Dimensions of ANOVA are defined by the way in which the categories are stacked. One Way ANOVA refers to a single layer of groups. Two Way ANOVA refers to two layers, nesting sets of groups within groups.

As an example, let’s think of students in a classroom. Each individual student is an observation. These observations are correlated by the fact they belong to the same class. At this level, they are uncorrelated to students in other classes. We identify individual observations with the subscript notation i,j, denoting the i‘th group and j‘th observation within that group.

    \begin{equation*} \text{Classroom}_i\hspace{.5cm}\ni\hspace{.5cm}\text{Student}_j \end{equation*}

Let’s say a school has 5 classrooms, with 30 kids per class.

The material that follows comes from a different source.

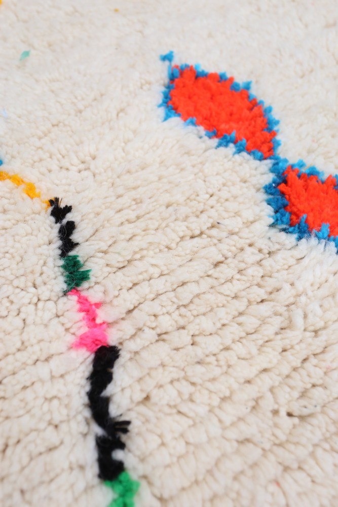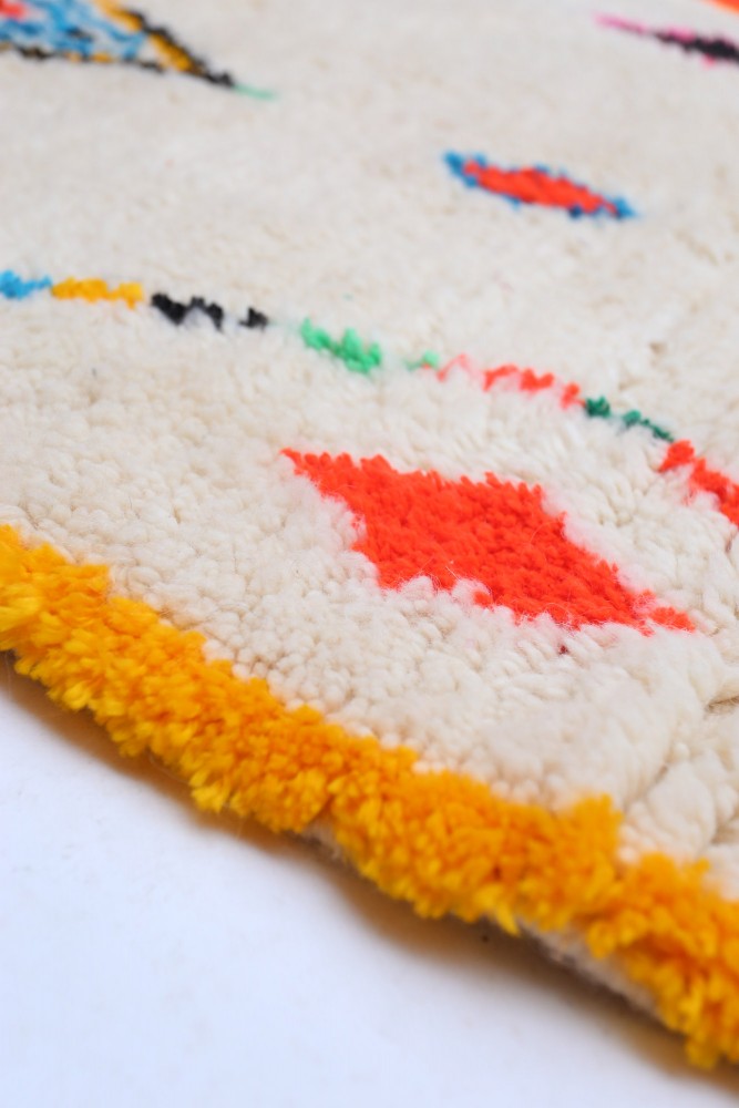 Esta alfombra bereber llamada Azilal recibe su nombre de la región de Azilal en Marruecos, donde ha sido confeccionada a mano en un telar tradicional de madera. Sus diseños representan los estados de ánimo, amores y penas de la tejedora en el momento de su creación. Una vez que se ha creado esta alfombra bereber de colores, ella creará otra totalmente diferente, dependiendo de sus emociones en ese momento. Cada pieza es única.

In this case, we can make comparitive statements between classrooms using One-Way ANOVA. If we decided to include other schools, and wanted to make comparitive statements between schools, then we would need to nest the groups of classrooms per school within each school. This adds another layer, and we now call this [i]Two Way ANOVA[/i]. We identify individual observations using the subscript i,j,k, denoting the i‘th top level group, the j‘th nested group, and the k‘th observation within that group.

    \begin{equation*} \text{School}_i\hspace{.5cm}\ni\hspace{.5cm}\text{Classroom}_j\hspace{.5cm}\ni\hspace{.5cm}\text{Student}_k \end{equation*}

This idea of nesting can be extended ad-infinitum.